Bandwidth Limit and Synthesis Approach for Single Resonance Ultrathin Metasurfaces

TL;DR

This paper establishes fundamental bandwidth limits for ultrathin metasurfaces based on physical constraints and proposes a synthesis method to significantly enhance their bandwidth, demonstrated through experimental validation at millimeter-wave frequencies.

Contribution

It derives a theoretical bandwidth limit for passive, causal, lossless metasurfaces and introduces a synthesis approach that achieves over 90% bandwidth enhancement.

Findings

Bandwidth limited by substrate thickness and permittivity.

Proposed LC resonance synthesis method improves bandwidth.

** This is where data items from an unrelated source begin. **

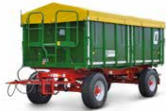
HKD 302 (18 t total weight)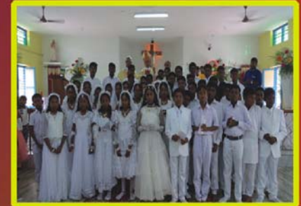
FEAST MASS, MARAKANAM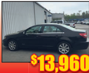
08 Lincoln MKZ Leather, Local Trade, Only 57K Miles, Stk#TE082D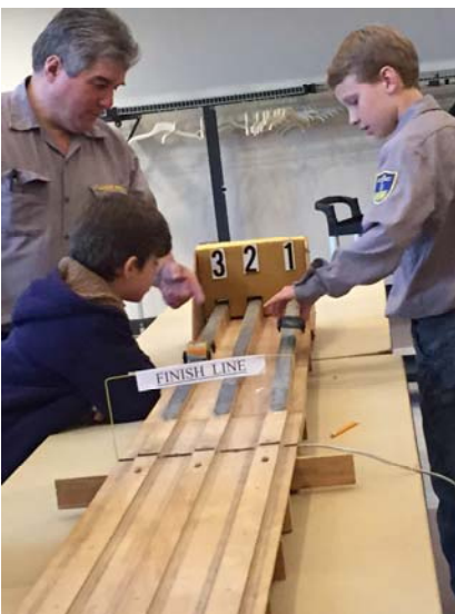
Cadets race their Derby cars.

Did you know? We offer Cadets and Gems starting in First Grade! We have been blessed with continued partnership with Fifth Reformed Church and look forward to many more faith-filled Wednesday nights in the neighborhood.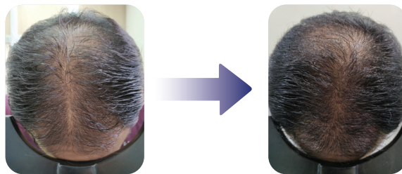
Standard overall photograph before and after treatment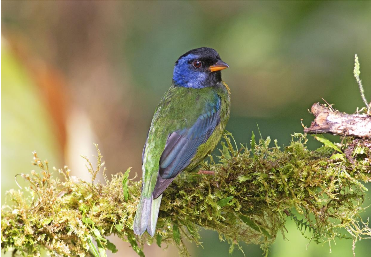
Moss-backed Tanager from Amagusa Reserve

April 27, Refugio Paz de Aves and Calacalí. Today we visited Refugio Paz de Aves, sometimes affectionately called the “antpitta farm”, a world famous hotspot with some species hard to find elsewhere. As usual we started out by having our packed breakfast at the Andean Cock-of-the-rock display site, which was an absolutely impressive show as the males came in to do their daily ritual to attract the females. Also in the same area we had a family of Dark-backed Wood-Quails and a sleeping Lyre-tailed Nightjar just by the road. Higher up at a different spot in the reserve, we saw Yellow-breasted and Chestnut-crowned Antpittas which were coaxed in eventually by Sr. Paz. Also, this forest held a few other species that we saw while waiting for antpittas like Scaled and Green-and-black Fruiteaters , Plate-billed Mountain-Toucan , Crimson-rumped Toucanet , Blue-winged Mountain-Tanager , Toucan Barbet , Tyrannine Woodcreeper , Uniform Antshrike , and the mighty Powerful Woodpecker . After such a wonderful experience on the western side of Ecuador we went back to Quito, but not without birding on the way near Calacalí town, where the dry scrubby habitat brought us a few good birds like Black-tailed Trainbearer , Tufted Tit-Tyrant , Common Ground-Dove , Band-tailed Seedeater , and Ash-breasted Sierra-Finch . We reached our hotel in Puembo near the airport for the last night of the main tour, bidding farewell to those not joining the extension.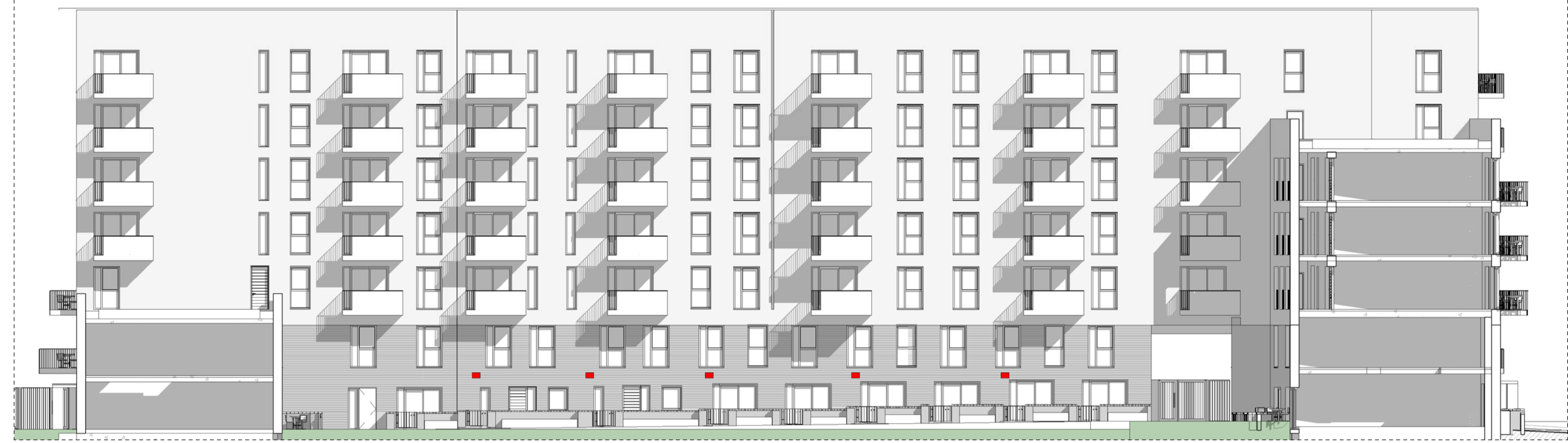
2 202_A_South West Internal Elevation_House Sparrow Bricks 1 : 200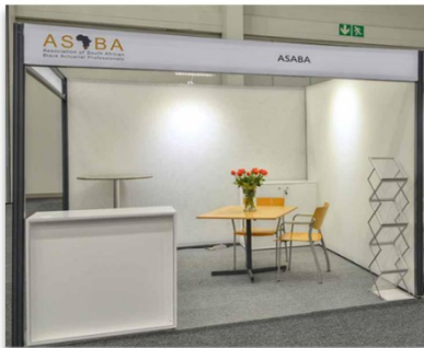
White Fabric 3x3m (corner)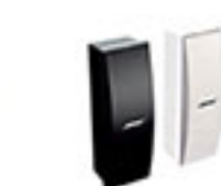
Panaray® 402" A loudspeaker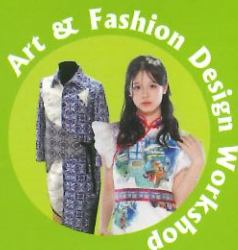
Art & Fashion Design Workshop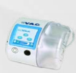
Figure 1. NPWT-A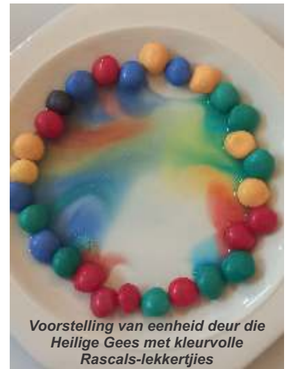
Voorstelling van eenheid deur die Heilige Gees met kleurvolle Rascals-lekkertjies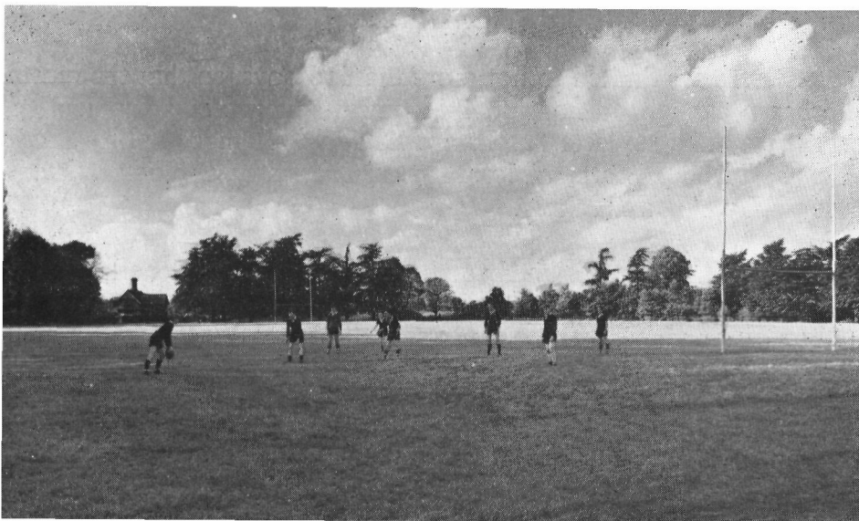
PART OF THE PLAYING FIELDS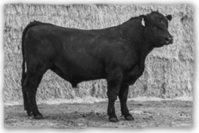
HD DUNN YELLOWSTONE E032 - Lot 111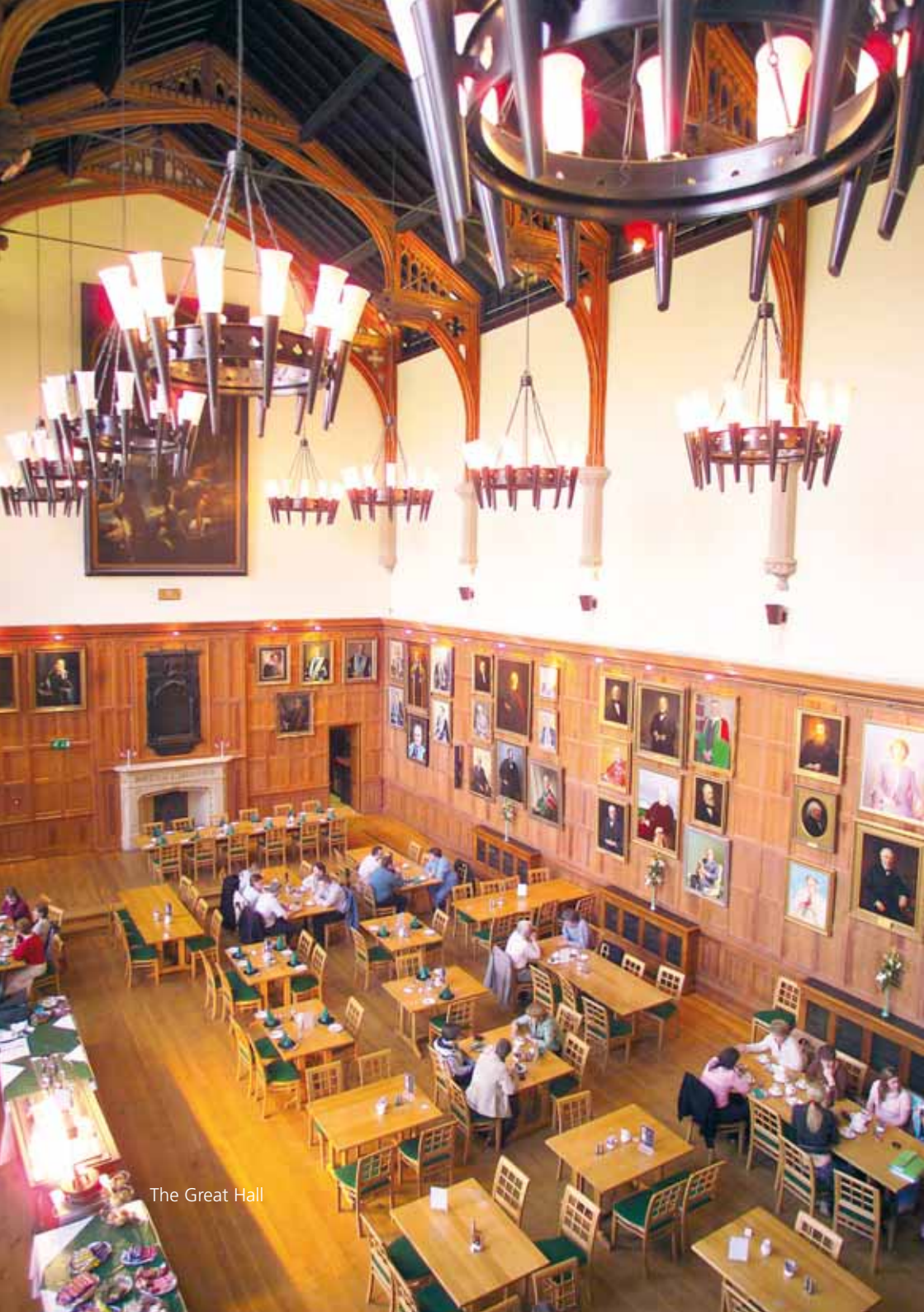
The Great Hall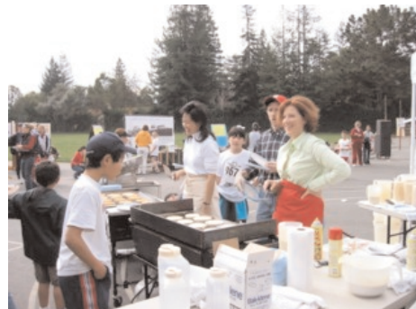
Pancake breakfast for 8K runners.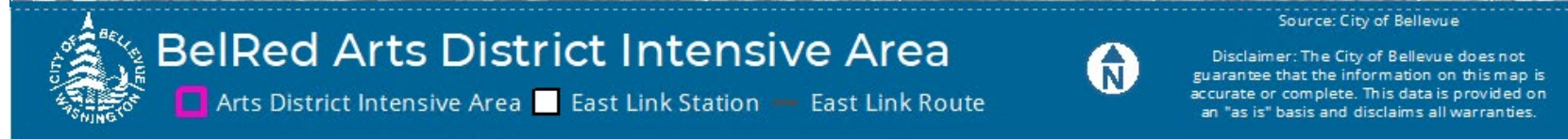
Figure 1. BelRed Arts District Intensive Area.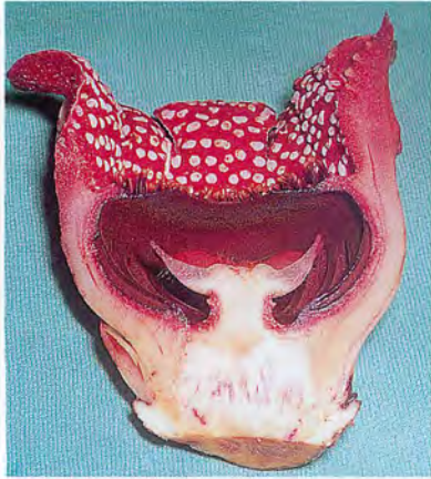
Figure 3. Cross section of female Sapria himalayana f. albovinosa f. nov.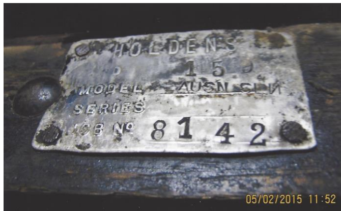
Original HOLDEN'S aluminium body plate under the back seat, stamped BODY No 159, MODEL AUSN SLN, JOB No 8142.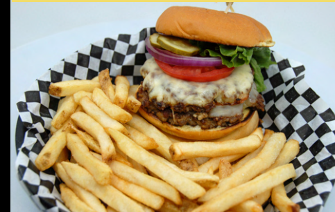
PORK BURGER (DOUBLE)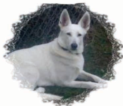
Happy 4th to Beauty on 2/15/09! Owned by Kim King

Experimental validation shows significant bandwidth increase.

Abstract

Metasurfaces have emerged as a promising technology for the manipulation of electromagnetic waves within a thin layer. In planar ultrathin metasurfaces, there exist rigorous narrowband design methods, based on the equivalent surface impedance of patterned metallic layers on dielectric substrates. In this work, we derive a limit on bandwidth achievable in these metasurfaces, based on constraints that their meta-atoms should be passive, causal and lossless, and that they should obey the time-bandwidth product rules of a single resonance structure. The results show that in addition to elementary design parameters involving variation of the surface impedance, the bandwidth is critically limited by the dielectric substrate thickness and permittivity. We then propose a synthesis method for broadband ultrathin metasurfaces, based on an LC resonance fit of the required surface impedance, and experimentally verify a broadband dispersive structure at millimeter-wave frequencies. This results in a bandwidth enhancement of over 90%, relative to a reference metasurface created with the narrowband design process.